If you enjoyed this piece, be sure to check out Social Anxiety is a Spectrum

Comment
by Swee.nlow

People always say your illness doesn’t define who you are, but honestly I completely disagree. I am my disorder. I am bipolar disease. I wouldn’t be who I am today without it. And at several points in my life it controlled me, but I am happy to say today it does not have as much power over me. I don’t think defining myself by my disease is a bad thing. I think it gives power to how much I have overcome.

Hi, I’m Christi Anne and I’m bipolar. It’s a part of me. It’s my friend and it’s my foe. On my bad days, I am insane and psychotic. On my sad days, I am depressed and bed-ridden. On my good days, I am unstoppable.

Mental illness has never been unfamiliar to me. I started seeing a psychiatrist when I was 7. My mom always says I was her easiest child until I started going to school. So 7. I started going crazy at 7. ADHD was the first diagnoses. I remember certain days in 5th grade when I was bouncing off the walls and just would not shut up, my teacher would pull me aside and whisper, “Did you take your medicine today?”

Of course, I didn’t.

I’m 10 and I want to be bouncing off the walls.
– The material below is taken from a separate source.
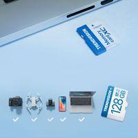 Высокоскоростная карта памяти с объёмом 128 Гб, скоростью записи 50 Мб/с, скоростью чтения 90 Мб/с и стандартами U3, V30, А1. Переходник-адаптер в комплекте.
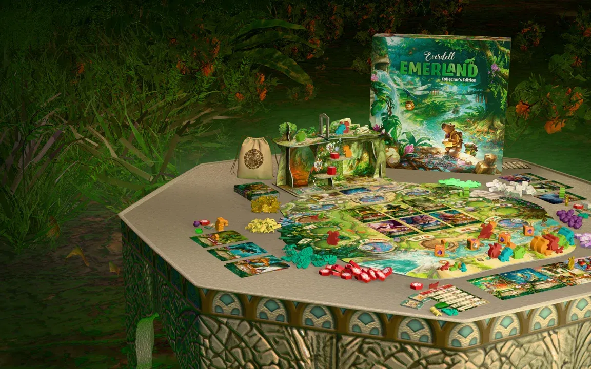 While Starling Games is keeping the deeper gameplay details under wraps for now, the campaign clearly positions Emerland as a full standalone experience – not an expansion – built on the core Everdell foundation that players already love. Worker placement, tableau building, and seasonal progression return, but the team emphasizes that Emerland will bring new mechanics and ideas unique to its jungle setting.

Little did I know, these were the earliest days of mania. But I actually don’t remember much about my childhood. Another lovely side effect of my beautiful disease, memory inhibition. And what I do remember, I only think of negatively. I remember the anxiety so high that my heart would be beating out of my chest and my muscles would feel stiff. I remember depression so low that the floor of my bedroom was the only place I could be, wailing until my tears turned dry. I remember rage. Oh how I remember rage. I remember kicking a hole in that wall. I remember screaming at the top of my lungs. I remember my vision being blurred with red.
I wasn’t even diagnosed with bipolar disorder until I was 18. It took me moving to Chicago, spending a total of 2 days on my new college campus, then running away to get the diagnose. I don’t blame my doctors though. I’ve had very good doctors. I’m just a really complicated patient. Plus, I didn’t ever understand myself enough to express to the doctors what I needed help with. I didn’t think the anger and rage was unusual. I just thought the anxiety and mania was normal because I didn’t know otherwise. So in those therapy sessions, I only talked about the depression. I only discussed the intense sadness that overcame me and the times I felt like killing myself.
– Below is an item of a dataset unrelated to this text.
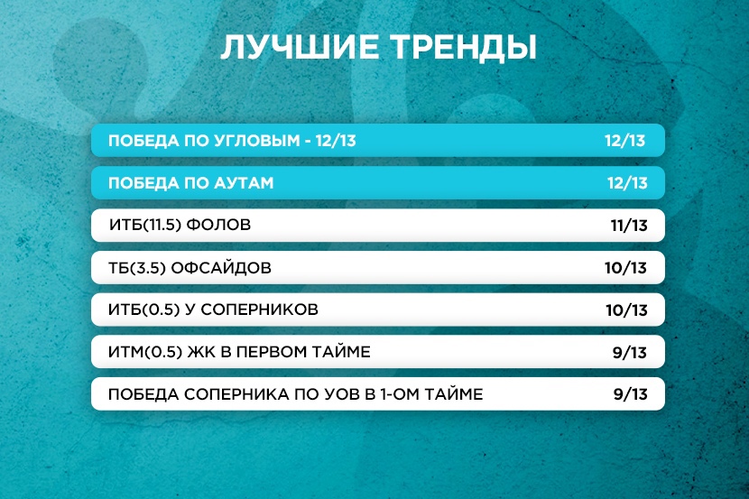 Учитываем все официальные игры с 2019-го года, кроме матчей против слабых соперников: Гибралтара, Латвии и Беларуси. Выделим по одной интересной особенности/тренду в каждом рынке: голы, угловые, карточки, фолы, офсайды, ауты и удары.

It wasn’t until my “brief college experience” did I open my eyes to the intense high followed by crashing so low. Even then, it wasn’t that clear to me. All I knew was my mind was racing and I felt totally and completely insane. I called up my parents begging for someone to save me and give me a break from my mind. I couldn’t handle being with my thoughts anymore. So they flew me out to their house and signed me up for psychiatry again. It was then when the doctor said, “It’s called mania. You’re a manic depressive.”

And oh I wish it was a quick fix then and there with the diagnosis. It would’ve prevented a whole lot of broken relationships and damaged souls. But again, I’m not that simple. It’s been 6 years and I’m still battling this disease. But now I can confidentially say I am surviving.

I take six different medications on a daily basis. Yes, six. And I wouldn’t hesitate to add more if needed. I dedicate my life to my medications. They have saved me from my mind. I have found a mental illness cocktail that works for me. And after 6 years and 6 medications, I finally feel hope. I see a bright and successful future down the path. And I am excited. And I am happy. Yes, happy.

If there is one thing I would want people to understand about me, it would be that every day I have to make the decision to get up and be stronger than my illness. That rolling out of bed and getting started with the day takes immense amount of energy. Because every day could have the potential for mania. Honestly, there is not a night that goes by that I don’t wish I could close my eyes and stop my mind forever. But the morning always comes and I always decide to wake up.